Colleague: Douglas County dispatcher Selma Southard epitomized public service

Selma Marie Southard

For more than three decades, she was a calming voice on the other end of the line for Lawrence and Douglas County residents who needed help.

Friends and colleagues of Selma Southard say she had a fun personality and became an institution in the county’s dispatch center in such a stressful job.

Mrs. Southard, 57, director of Douglas County Emergency Communications, died Friday at Kansas University Hospital in Kansas City, Kan., after suffering from a lingering illness.

“She was an expert dispatcher, and everybody knew it,” said Jim Denney, who preceded her as director and retired in 2008.

Her memorial service took place Wednesday at Mustard Seed Christian Fellowship Church in west Lawrence. During the processional, dispatchers put out Mrs. Southard’s “last call” over the scanner to honor her.

Mrs. Southard worked in emergency communications in Lawrence for 36 years, originally starting when the city and county had separate dispatchers.

Tarik Khatib, Lawrence’s interim police chief, remembers sitting in Mrs. Southard’s chair as a young officer in the early 1990s. His task was to fill in for her for a short time during her lunch break.

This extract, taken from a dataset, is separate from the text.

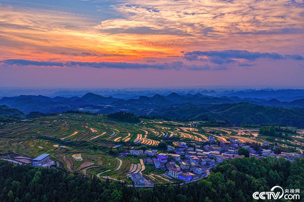 4月25日,贵州龙里,晚霞映照下的梯田风光。
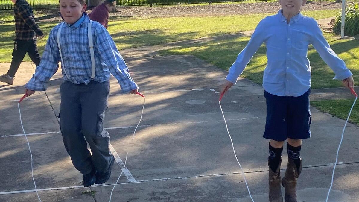 William Reid and Oliver Dellwo from Mayrung try their hand at jumping rope.

“It impressed upon me how important and how much weight and quality emergency communications personnel have,” Khatib said. “Through it all she was extremely hard-working. She approached things with dedication and intelligence.”

The dispatch departments merged in 1994, and Mrs. Southard later became a supervisor. She also became Denney’s assistant director in 2004 before replacing him when he retired.

Douglas County Administrator Craig Weinaug said for decades Mrs. Southard was a calming voice on the phone, trained in how to deal with people who are often in a panic due to medical emergencies, fires or other dangerous situations.

“To me she’s the epitome of what’s best about public service,” he said.

Her husband, Arvie Southard Jr., died in 2009. Survivors include her son Christopher and her mother Minnie “Jane” Lewis, both of Lawrence. The family suggests memorials to the Lupus Foundation’s Kansas chapter, sent via Warren-McElwain Mortuary, 120 W. 13th St., Lawrence, KS 66044.

Weinaug said the Douglas County Sheriff’s office will take on day-to-day responsibility of supervising the emergency communications department. Dispatcher and day-shift supervisor Amanda Reusch has been named acting director, he said.

Denney said Mrs. Southard also had a fun personality around the department and that she had a passion for fire trucks.

“The citizens of Douglas County and public safety have experienced a loss,” Denney said. “She was the right person to be in the jobs that she held over the years, and it will be very difficult for anybody to walk in her shoes.”